# My first fatty w/ qview



## big griz (Dec 28, 2012)

I made my first fatty tonight.  See what you think......

Rolled out with crumbled bacon and chedder cheese...













100_1140.JPG



__ big griz
__ Dec 28, 2012






All rolled up and ready to go...













100_1141.JPG



__ big griz
__ Dec 28, 2012






Adding some burgers to reverse sear after the fatty has been on about 2 hours













100_1142.JPG



__ big griz
__ Dec 28, 2012






Reverse seared burgers with and without cheese, hot dogs, and of course, the fatty













100_1143.JPG



__ big griz
__ Dec 28, 2012






A close up of the fatty...yum!













100_1144.JPG



__ big griz
__ Dec 28, 2012
__ 1


----------



## go4abliss (Dec 28, 2012)




----------



## driedstick (Dec 29, 2012)

that looks great


----------



## theyetti (Dec 31, 2012)

what exactly is a fatty?


----------



## big griz (Dec 31, 2012)

A fatty is 1 lb of breakfast suausage, Italian sausage, etc that is rolled out, filled with various ingredients (cheese, onions, bacon, peppers, etc), rolled back up, woven in bacon, and then smoked.  They can also be smoked right out of the package (aka a naked fatty).   Here are a couple of great links that gives detailed instructions on how they are made....http://www.smokingmeatforums.com/t/87031/rollin-a-fatty-my-version and http://www.smoking-meat.com/january-2010-bacon-wrapped-stuffed-sausage-fatty.html


----------



## theyetti (Jan 1, 2013)

Thanks big grizz.im gonna givr that a try


----------



## big griz (Jan 8, 2013)

I'm glad I could help!  Everyone on here has really helped me step up my game.

Hope yours turns out great.  Be sure to post your success so we can give you some props.


----------



## theyetti (Jan 9, 2013)

I will.thank you


----------



## kathrynn (Jan 9, 2013)

:drool.   Okay.....I have got to do some of these!
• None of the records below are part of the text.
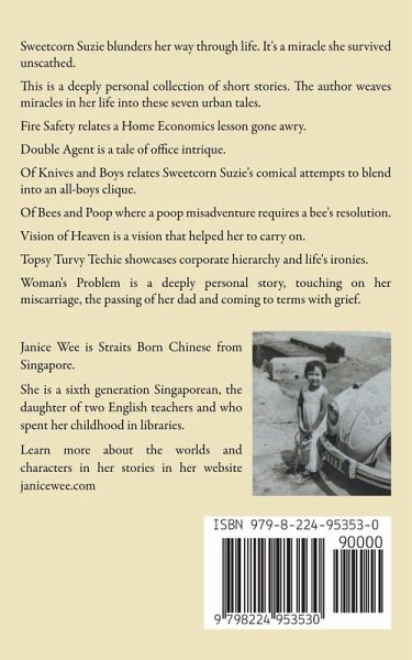 Sweetcorn Suzie blunders her way through life. It's a miracle she survived unscathed. This is a deeply personal collection of short stories. The author weaves miracles in her life into these seven urban tales. Fire Safety relates a Home Economics lesson gone awry. Double Agent is a tale of office intrique. Of Knives and Boys relates Sweetcorn Suzie's comical attempts to blend into an all-boys clique. Of Bees and Poop where a poop misadventure requires a bee's resolution. Vision of Heaven is a vision that helped her to carry on. Topsy Turvy Techie showcases corporate hierarchy and life's ironies. Woman's Problem is a deeply personal story, touching on her miscarriage, the passing of her dad and coming to terms with grief.
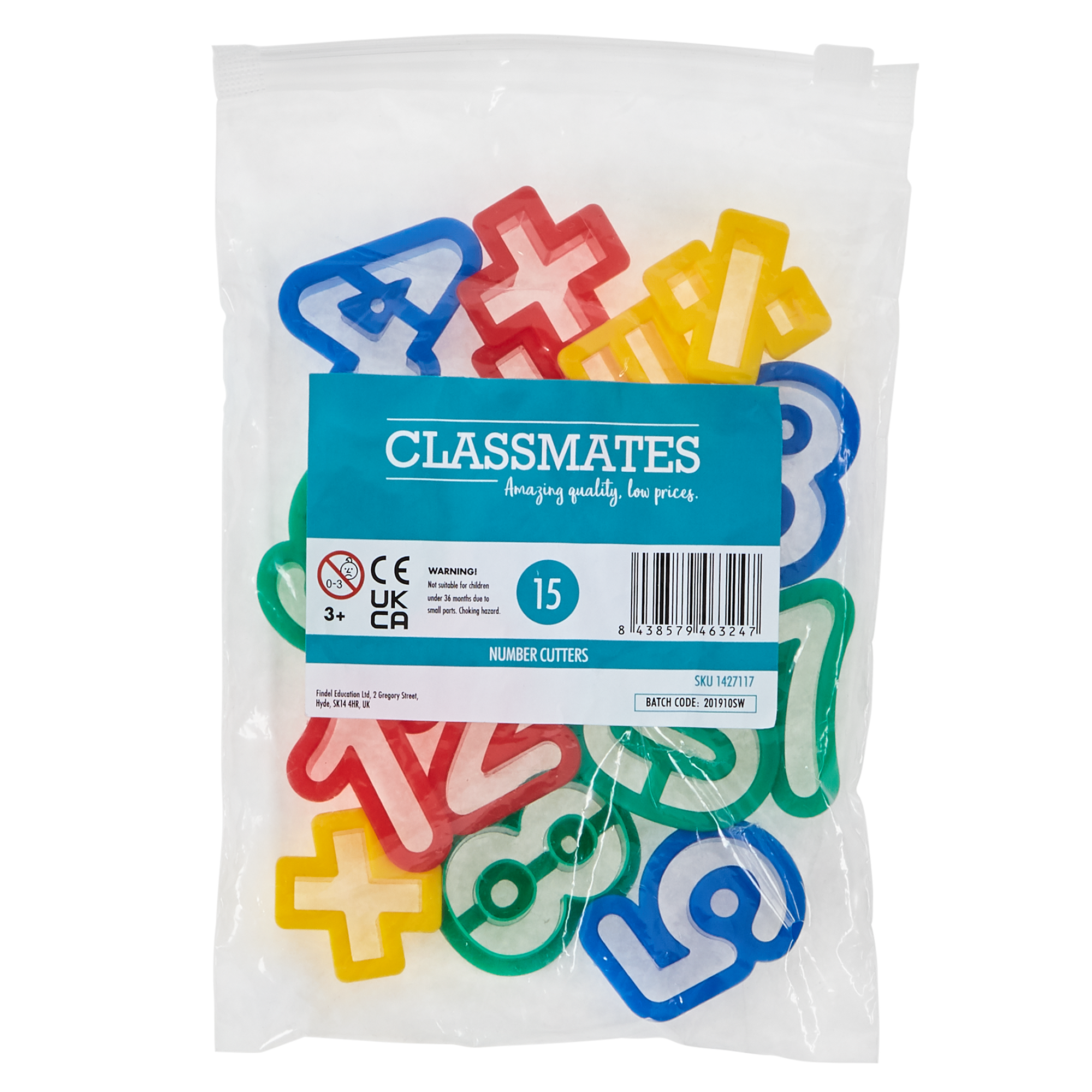 Set of 15 sturdy plastic dough cutters in assorted colours, containing numbers 0 to 9 and arithmetic symbols.
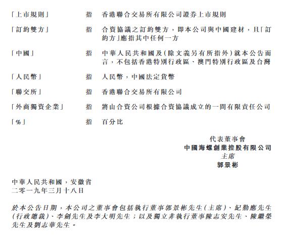 原標題:海螺創(chuàng)業(yè)(00586)附屬與中國建材控股設(shè)立合營 以從事固廢處置業(yè)務(wù)

Yours looked great!


----------



## big griz (Jan 9, 2013)

Thanks KathrynN!  I am new to all of this and these fatties are the perfect thing to smoke while I get my smoker fined tuned enough to take on some more expensive cuts of meat.  Besides experimenting with different "stuffings" is half the fun.


----------



## chef jimmyj (Jan 9, 2013)

Man that looks great! I have Smoked a lot of other cuts but have not played with Fatty's nearly enough...JJ


----------